Not a catch. Fielder must demonstrate control and/or voluntary release of the ball or have possession long enough to demonstrate control. If immediately after the catch the fielder collides with another fielder, the fence etc or falls to the ground and loses control of the ball it is not a catch.
I kind of figured that, coach was arguing it was a transfer. What would happen if the LF caught a easy fly ball For third out, then Started to jog in and ball fell out of the glove after 2-3 steps, would you call that a catch?
I kind of figured that, coach was arguing it was a transfer. What would happen if the LF caught a easy fly ball For third out, then Started to jog in and ball fell out of the glove after 2-3 steps, would you call that a catch?
Question, from your description I am envisioning an outfielder on a dead run going after a ball and is out of control when they catch the ball and ultimately goes to the ground losing control of the ball.

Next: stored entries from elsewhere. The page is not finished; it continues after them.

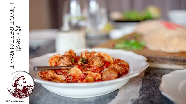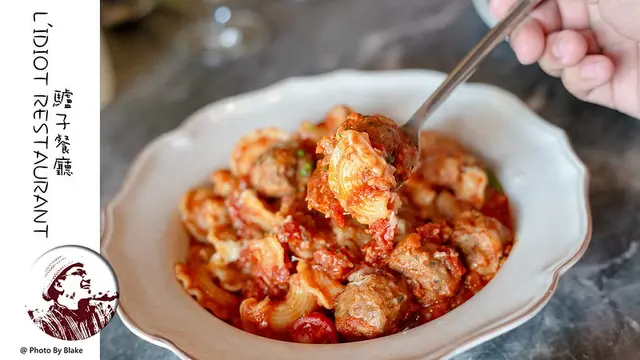主食是提供義式茄汁手工豬肉丸雞冠麵,由主廚自製的義式雞冠麵,雞冠麵像是通心麵跟蝴蝶麵的結合,再搭配手打的豬肉丸,義式茄汁讓整盤麵看起來紅通通的,雞冠麵吃起來麵粉感,口感蠻Q的,茄汁的味道很濃郁,帶有蕃茄微微的酸甜感,但整體來說味道會偏鹹一些些,手打豬肉丸還算扎實。
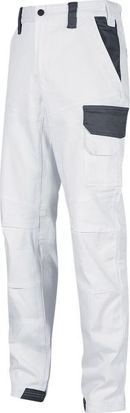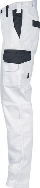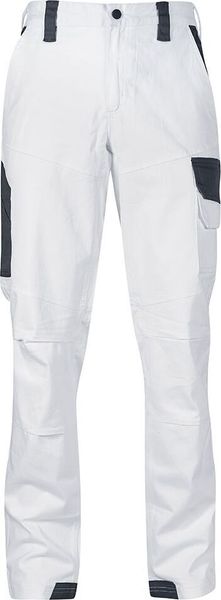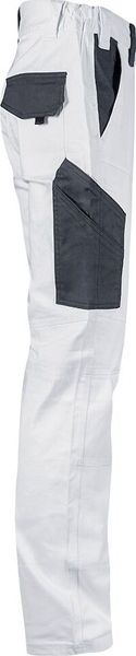 "The design of the Saloniccotrousers is complemented by a reinforced, abrasion-resistant leg hem for added durability. The central fastening with zip and rubberized button ensures easy handling and additional safety. These work trousers are washable at 40u00b0 and therefore easy to care for. Whether for painters or drywallers, the Salonicco trousers are the ideal choice for anyone looking for robust, comfortable and versatile workwear."
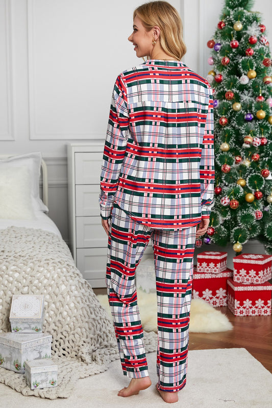 Red Shirt Collar Plaid Button Down Christmas Pajama Set
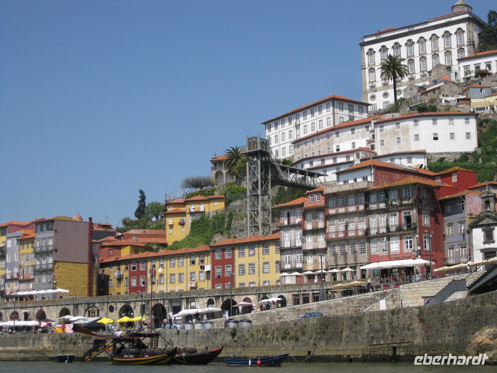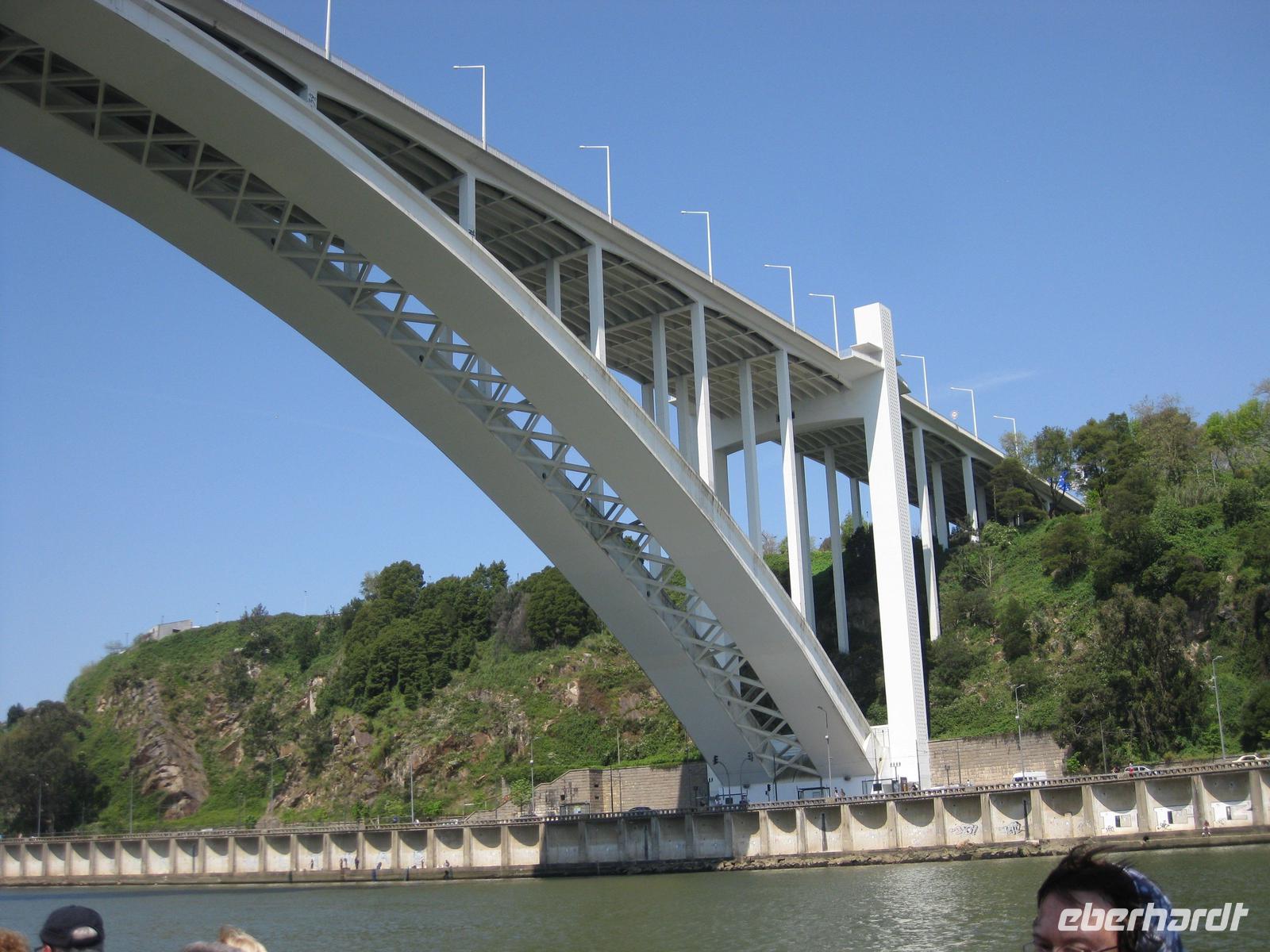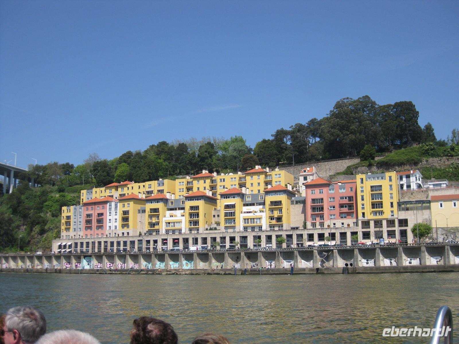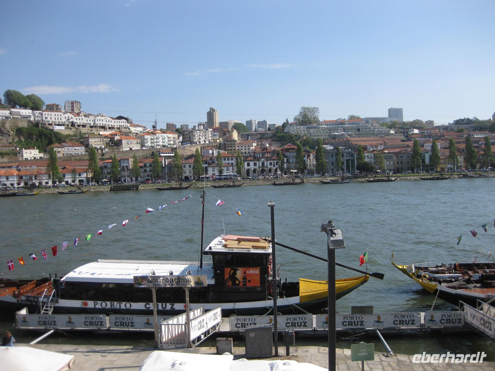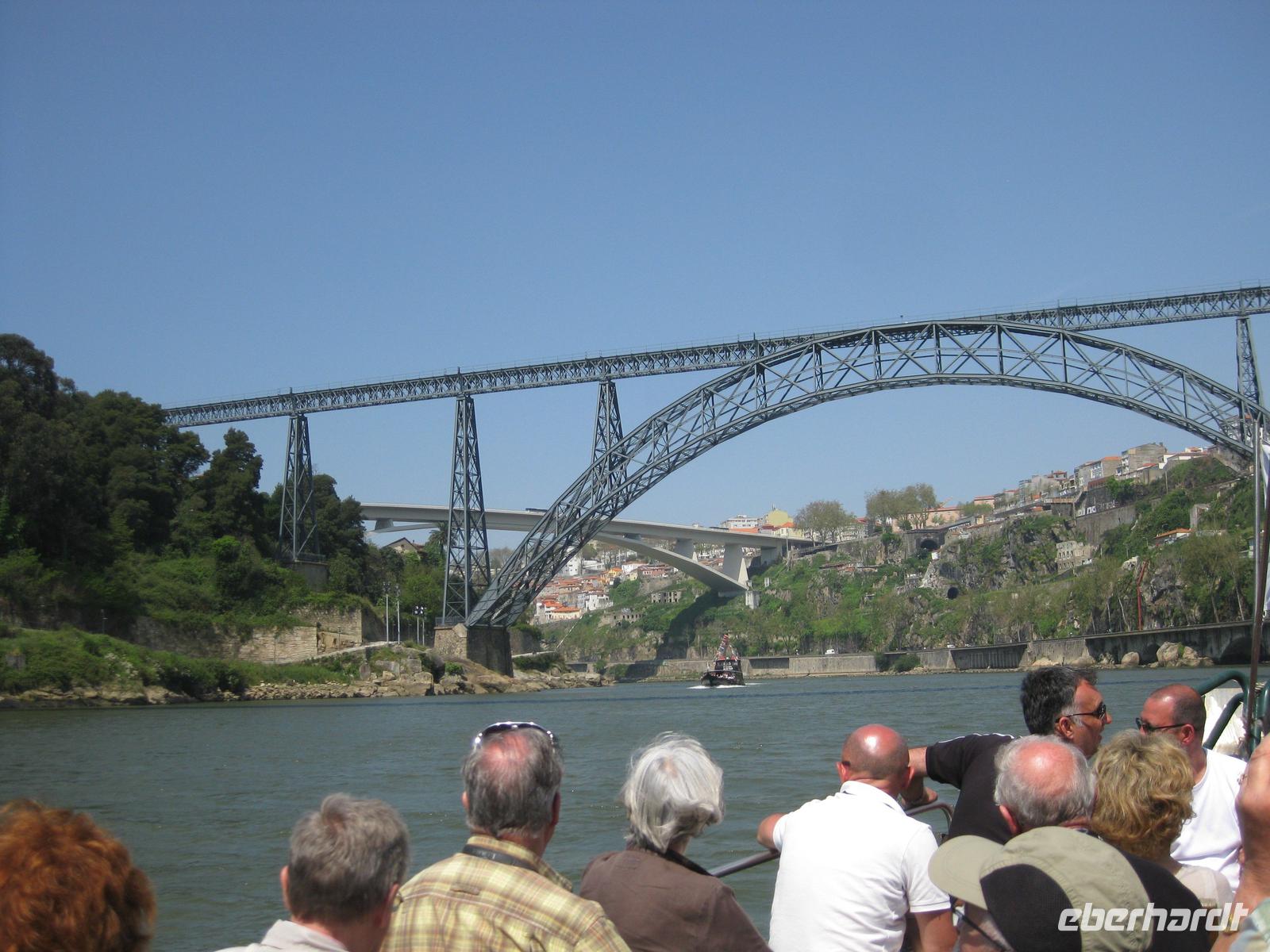Zum Abschluss unserer gemeinsamen Stadtbesichtigung machen wir noch eine Bootsfahrt auf dem Douro. Die startet gleich in unmittelbarer Nähe der Portweinkellerei Burmester. Wir fahren ein Stück flussaufwärts und auch flussabwärts. Dabei fahren wir unter mehreren Brücken durch und sehen die Stadt aus einer ganz anderen, sehr eindrucksvollen Perspektive.
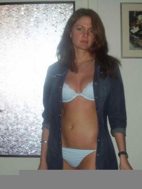 Привлекательная представительница прекрасного пола после душа пошла в спальню и надела на сое тело только полосатые трусики, в которых стала лежать на полу, а потом встала около двери и начала позировать, немного стягивая с себя труселя. Баловница с мокрыми волосами не стыдиться поворачиваться как спиной, так и торсом увенчанным симпатичными молочными железами.
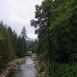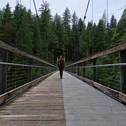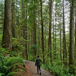 Na ons ontbijt begeven we ons naar de Rainforest Trail vlak naast de zee. Het is best een simpele wandeling waar je tussen de gigantische naaldbomen wandelt over een houten pad van planken. Fijn om eens te doen, maar het voelt niet echt aan als een wandeling door "de natuur".
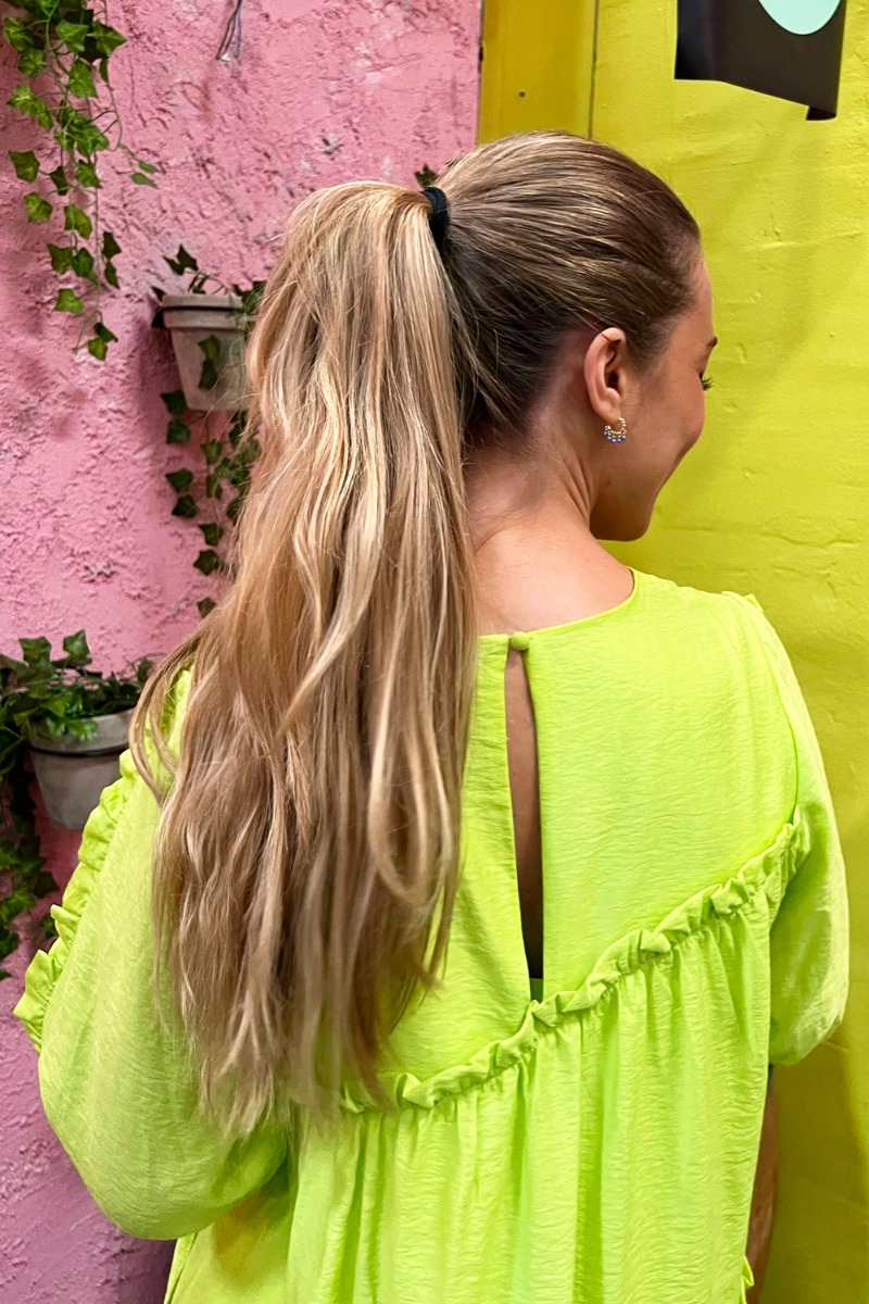 Løs rummelig kjole fra Gestuz i en super cool lime farve. Kjolen har et taknemmeligt snit med peplum og omvendt flæsekant der giver en sød detalje. Den knappes i nakken og giver en lille dråbeformet åbning. De korte ærmer afsluttes med elastikkant. Style den til en stilet, støvle eller sneaks alt efter anledning.
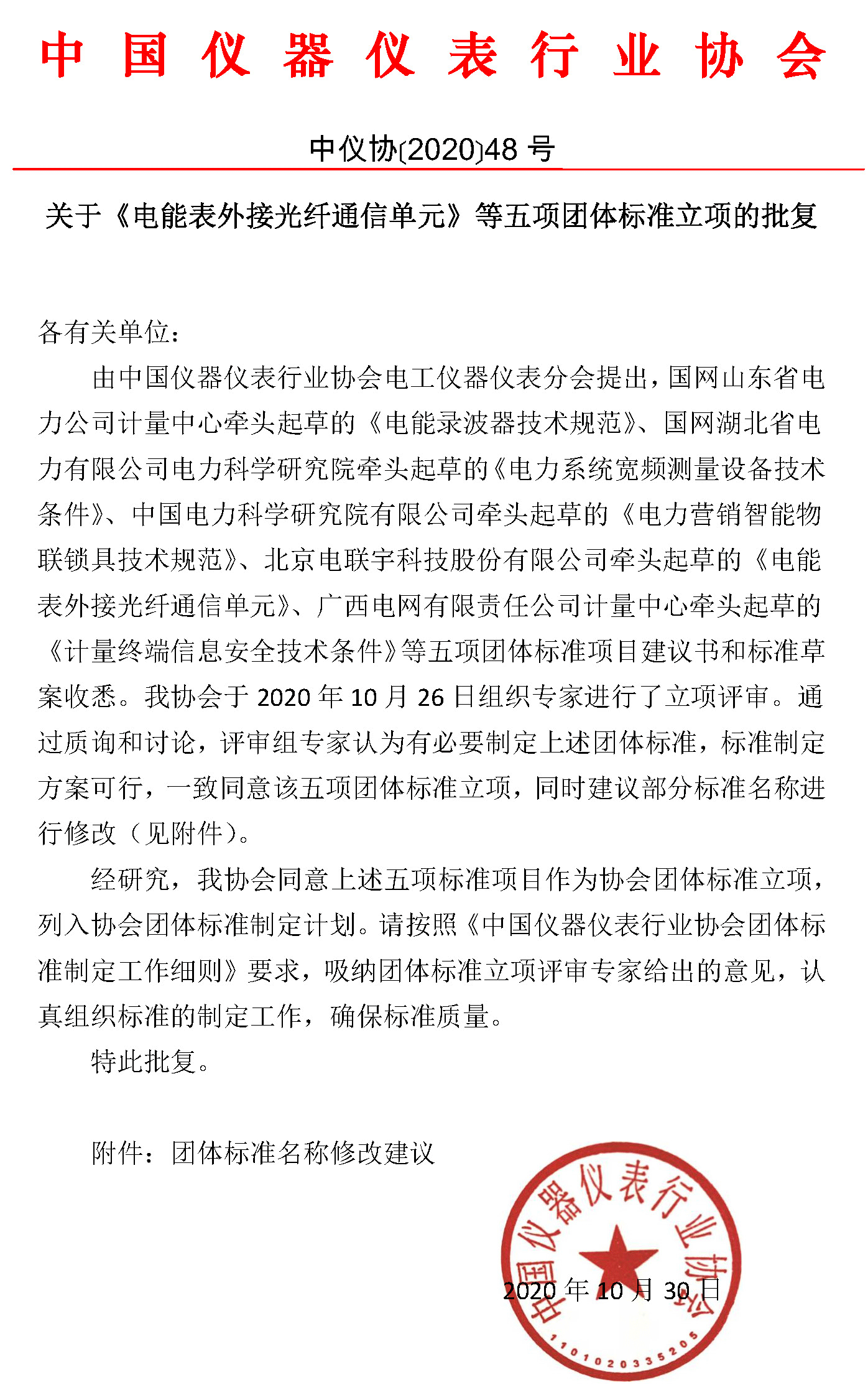 附件:1、關(guān)于《電能表外接光纖通信單元》等五項團體標準立項的批復(fù).pdf
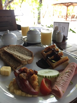 昨晩はボートダイビングへの不安でなかなか眠れなかった。10年ぶりなので不安が次々頭の中をよぎってくる。あまり眠れないので薄暗いうちに起きてネットが繋がるメインレストランのそばで少し仕事をした。7:30にレストランが開いたのでちょっとだけ食べる。
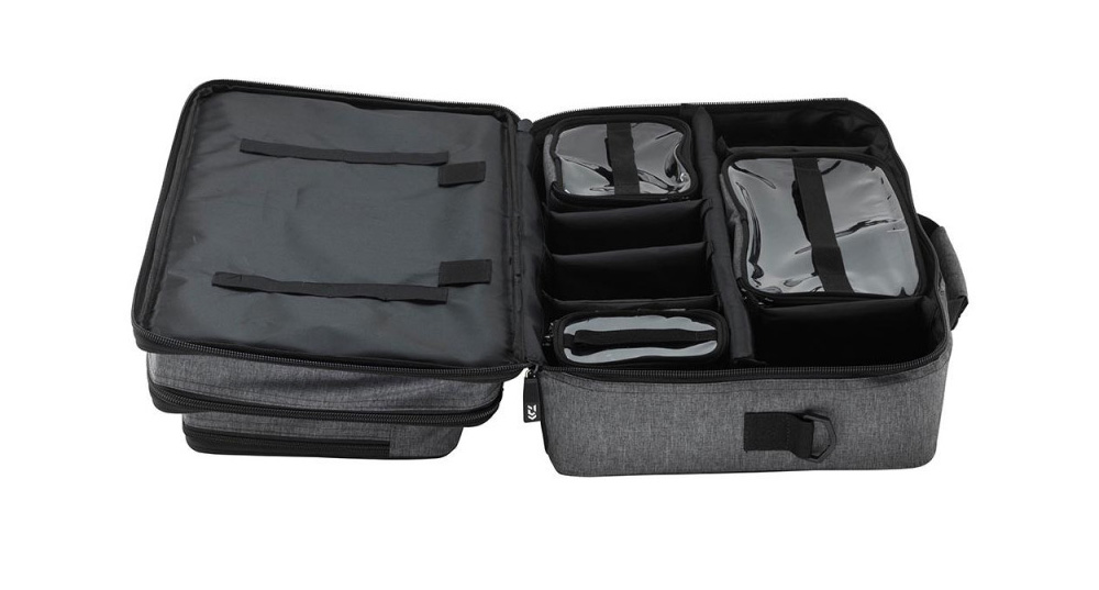 Tato kvalitní taška DAIWA byla speciálně navržena pro potřeby rybářů lovících sumce a oproti předchozí verzi byla vylepšena v mnoha detailech. Robustní šedý polyesterový materiál je vybaven vodoodpudivou funkcí, která zabraňuje okamžitému promočení při krátkých deštích a ve vlhkém prostředí. Dvě velké přední kapsy (26x25cm, 20x25cm) pojmou krabičky na bižuterii atd. Horní hlavní přihrádka je vybavena odnímatelnou deskou EVA Rig board na návazce a vnitřní pevnou horní částí, která zabraňuje proniknutí hrotů háčků do víka. Spodní hlavní přihrádka nabízí obrovský prostor pro různé vybavení, jako jsou navijáky, cívky atd., a lze ji přizpůsobit přesně podle vašich potřeb pomocí vnitřních přepážek. Kromě toho jsou součástí balení tři samostatné malé vnitřní kapsy (30x16x10cm, 18x15x10cm, 15x10x10cm), které poslouží k uložení různých předmětů, jako jsou těžká olova, obratlíky apod. Tím je zajištěn snadný přehled a dobrá organizace všech potřebných sumcových věcí. Vnitřní strana víka je vybavena elastickými popruhy pro uložení a skladování vábniček, dlouhých kleští atd. Pogumované protiskluzové dno je voděodolné a eliminuje nasáknutí vlhkosti z mokré země. Robustní ABS zipy nepodléhají korozi a nabízí vysokou odolnost. Obsahuje polstrovaný nastavitelný ramenní popruh a poutko pro přenášení.
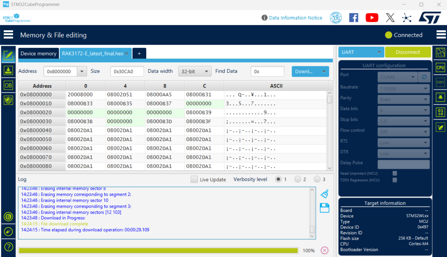 Try to flash the factory firmware RAK3172-E_latest_final.hex with STM32CubeProgrammer, as shown in How to Guide: STM32CubeProgrammer for RAK Modules

Is that what happened?
There is a case play covering what you described in your 2nd post. It talks about a fielder that catches a ball and while jogging off the field trips over 3rd base falling and drops the ball. In that case they consider it a caught ball since the fielder demonstrated control of the ball for a sufficient period of time. But, if the fielder is still out of control running and going to the ground and loses the ball, that is not a catch.
If the extra steps and shoulder roll were all seen by the umpire as part of the act of catching the ball, I can see why it wasn't ruled a catch. Someone catching a ball, demonstrating control, and then tripping while jogging isn't the same thing.
I still do not understand how the ground cannot cause a fumble, but it can cause an incomplete pass. Same action, different players, different results. But I digress ...
I’m tending to agree with @Comp , but I could be convinced otherwise with video.
As for “the transfer” ... the catch must be made and completed first.